Back in January, we noted that wild predators -- bobcats and coyotes, specifically -- were becoming more of a problem in places like Bellaire and West University. In Bellaire, a woman used a motion-sensing camera to videotape bobcats and coyotes coming to her yard and eating her pet ornamental deer.
Still, Bellaire and West U feel kind of suburban. And some experts said that the danger from the predators was higher because they lived near the greenbelt that is the Union Pacific railway / utility easement that parallels the West Loop.
But urbanites take note. If you think your pet is safe from predation in urban Montose as opposed to the savage wilds of West U, you are in potentially fatal error.
A reader sent us a flyer concerning the death of a cat named Alley. In the wee hours of last Thursday morning, Alley Cat was snatched from near its home on Morse between Westheimer and Fairvew. Alley's owner claims to have seen two coyotes running down the street, one of them clutching the beloved pet in its jaws, and Alley's mangled body was subsequently found two blocks away.
Apparently, Alley's owner's tale has met with some skepticism, because the flyer goes to some length to address the very idea that coyotes could be in a deeply urban neighborhood like Montrose. Might not the culprits have been huskies instead?
Hair Balls called Doug Steen, the assistant district supervisor at Texas Wildlife Services in College Station to find out.
Steen says it is absolutely possible that Alley was killed by coyotes. "Coyotes are extremely adaptable -- they can live anywhere from the wilds of western Canada and Alaska to every major metropolitan area in Texas," he says. "As a matter of fact, it's easier for them to thrive where people are because food is so abundant -- and that could be either pets or pet food."
Hair Balls noted that the area where Alley was killed was fairly close to the greenspace of Buffalo Bayou and several large cemeteries along Allen Parkway and wondered if that would abet a hungry coyote. Steen says that today's urban coyote doesn't even particularly need that much nature. Just a plain old neighborhood -- even one as urban as Montrose -- will do, he says.
"They are very, very good at what they do," he says.
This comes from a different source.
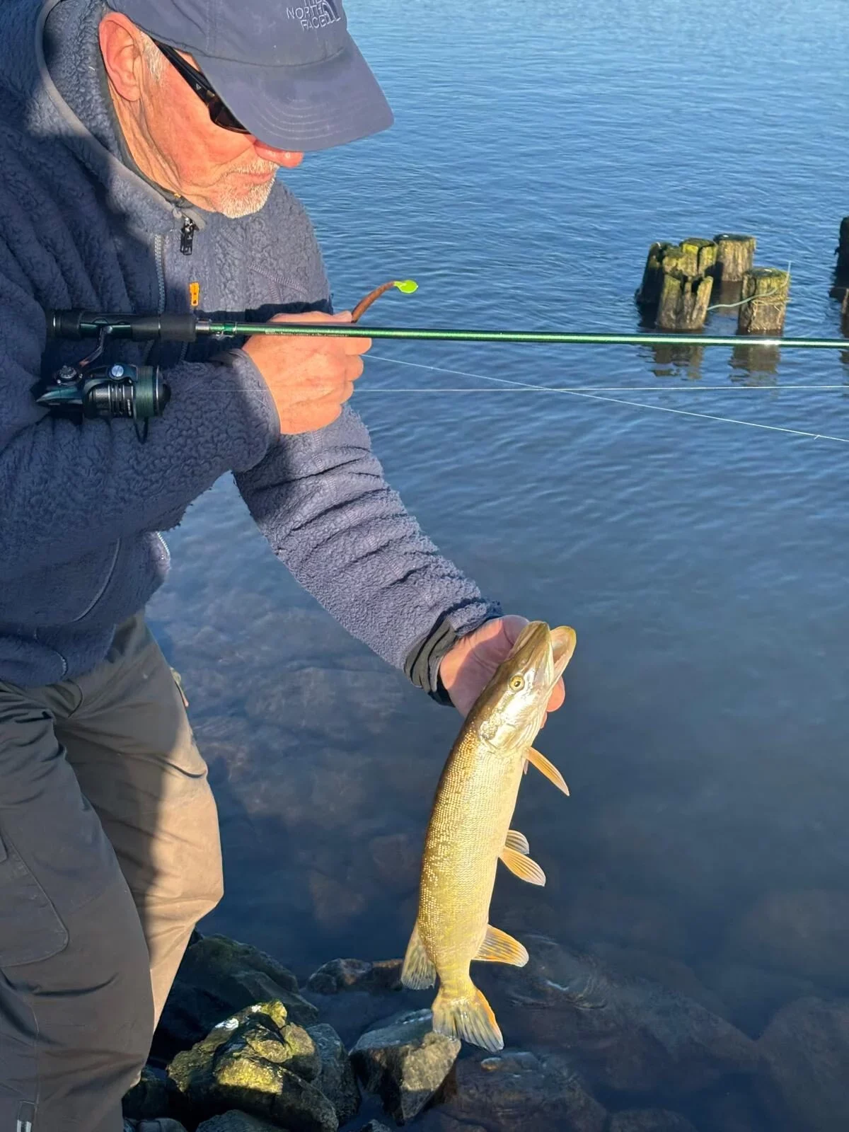 Robin en Robbert-Jan begonnen op de steiger van het pontje. Omdat de Lek behoorlijk stroomde, besloten ze met shads met 18 grams koppen vér stroomopwaarts gooien. Tegen de tijd dat je dan de bodem voelt, passeert de shad en kun je ‘m met geduld tegen de stroom in terug vissen. Helaas leverde dat geen vis op. Robin probeerde het nog met een dropshot in de monding van de haven en rond de pontsteiger , maar ook dat had geen succes. Inmiddels was de pont weer in de vaart om aan zijn dienst regeling te beginnen en we zijn dus ook meteen van de steiger afgegaan.Marco en Arno startten op de krib tegenover het pontje. Aangekomen op de krib naast het maakten ze hun spullen gereed om te vissen. Arno begon eerst met een jig, alleen bij het naar beneden klauteren gleed verloor hij zijn balans en zat dus met zijn billen op de keien. Tja, da’s het risico van kribben: altijd oppassen, ze zijn glad en ongelijk! Eenmaal opgestaan deed hij een poging zijn aas uit te gooien en floep daar ging zijn aasje! Bij het binnenhalen was blijkbaar de lijn gebroken en was hij zijn aasje kwijt. Ok, kan gebeuren, hoort erbij. Hij pakte zijn andere hengel met een gloednieuwe Westin Twitchbait en wierp die in. Maar waarom wilde zijn lijn niet strak staan? Tot zijn verbijstering was het lusje van de fluorocarbon onderlijn van de quicksnap afgesprongen. Daar ging dus aasje nummer twee. Arno ging nog even door met een andere twitchbait, maar helaas ook dat bleef zonder succes. Vervolgens heeft hij er een dropshot eraan gehangen. Maar ook nu weer: twee worpen en vast! Ondanks dat hij met de top van z’n hengel boven het plaats delict zat, kwam het niet meer goed… Dus ook een hele dropshotset kwijt.

Nowadays, you can expect to find them everywhere except in a downtown-type scenario.
You can trap them and shoot them all you want, but more will always come. The best ways to ensure that they don't get your pets is to keep a close eye on them when they are outside -- one expert says to leash your cats. And you should never leave pet food outside, as coyotes see pets and pet food as one and the same.